It has been tough going for Bruce Buschel, a writer and restaurateur hopeful. For the better part of a year Buschel has attempted to open Southfork Kitchen — a barn-style, seafood-oriented eatery on the Bridgehampton Turnpike at the site of the former Wild Rose Café.
From finding a chef and creating a logo to navigating the county and town permitting process, Buschel chronicles every inch of his journey for a column which appears on the New York Times website blog titled “You’re the Boss.” On August 26, it was that time in the start-up process for Buschel to muse on the travails of installing, and garnering town approval, for a sign.
“A restaurant needs a sign. The one I have in mind will have black lower-case letters painted on a piece of Philippine mahogany with a little light above it. It will stand in front of the building, in the garden, two-sided so you can see it when traveling north and south … It will say Southfork Kitchen. That’s the name of the restaurant,” Buschel opined in his piece. “But first, a permit is needed.”
“For one sign with two words, I will need a designer, an electrician, an engineer, a painter, a sign company, a construction team, wood posts, wood panels, paint, bolts, lights, a bag of cement, and a lawyer …,” wrote Buschel detailing the manpower and materials required for this small aspect of his larger project.
Buschel received a bit of good news from the Southampton Town Planning Board on Thursday, September 2, when it unanimously approved his sign (without board member Jacqui Lofaro who was absent). In addition, Buschel was allowed to make certain amendments to the site plan including forgoing two rear windows in favor of two barn doors. The planning board also allowed Buschel to eliminate a maintenance bond requirement from the original site plan approval and change the landscape plan to knock out one tree, which will provide more sunlight for the front garden.
In the process of retelling his tribulations, or imparting advice, on his blog, Buschel has gained many followers. Some call Buschel’s entries amusing, funny, and spot-on. While others have been drawn to scorn Buschel’s insights. A few were even so impassioned as to start a Facebook page named “Boycott Bruce Buschel’s Restaurant.” Buschel’s particular post, which elicited this fervor, was a two-part October 2009 piece on his “100 Things Restaurant Staffers Should Never Do.” The column has received 1,158 comments thus far.
Buschel had expected to open the doors of his rustic restaurant by July and hoped to draw in the summer crowds, but it appears life and other mishaps got in the way.
“‘You’re giving birth … Don’t force it. It will happen in its own good time. Now get back to work,’” Buschel quoted a public relations maven as saying when he realized that his business wouldn’t be ready when he had hoped.
“Even as I hyperventilate like a crazed Lamaze mama, one question echoes down each inhalation: Where did I go wrong?” Buschel asks himself, giving a series of answers, “I was green … I was optimistic … I thought the announcement of a certain date in a public forum would rally the troops and realign the stars … I was blindsided by last-minute changes … [and] I did not understand bureaucracy.”
In a post from last Wednesday, September 1, Buschel recounted a hectic day in late August, which didn’t bode well for the project launching before the end of summer.
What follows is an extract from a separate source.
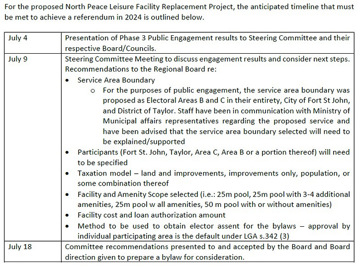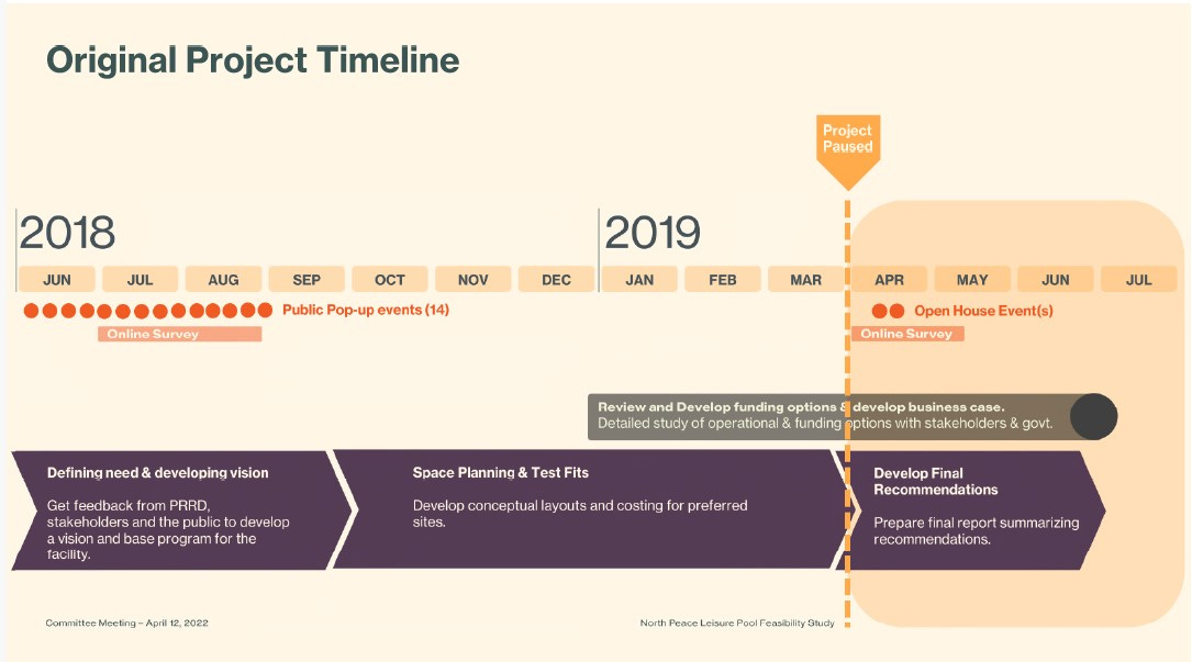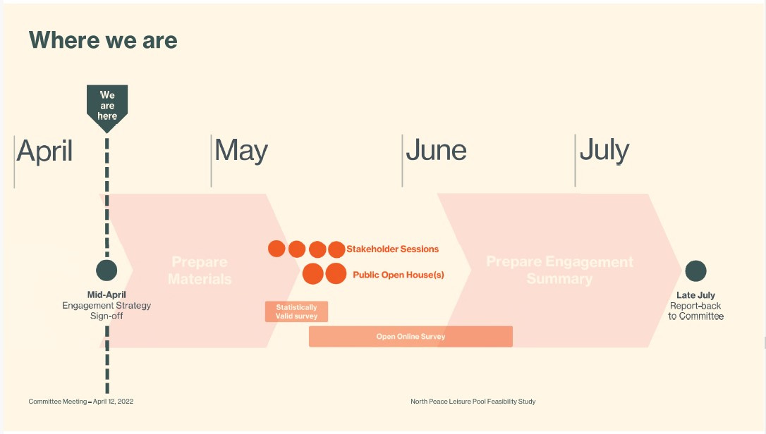 It was not until June 2020 that the regional district board decided to create a pool replacement committee, and it was another 18 months – December 2021 – before the Terms of Reference for the North Peace Leisure Facility Replacement Steering Committee was developed. The first meeting of the Steering Committee took place in March 2022.

Rain interrupted scheduled asphalt work, which in a domino effect would ultimately delay his ability to get a liquor license any time soon. Two refrigerator motors were fritzed out. Replacements needed to be ordered. A request to the town for a 30-day extension of his construction permit was reportedly refused, requiring him to pay $2,300 for a time period of six months of additional work.
Despite these numerous delays and headaches, Buschel appears to still keep his spirits somewhat level. He rationalizes, “Personally, I am starting to suspect a conspiracy, but my better angels tell me not to take any of this day personally lest drastic and indubitably self-destructive actions would ensue.”
Buschel has yet to update eager readers on when the new opening day for his restaurant will be.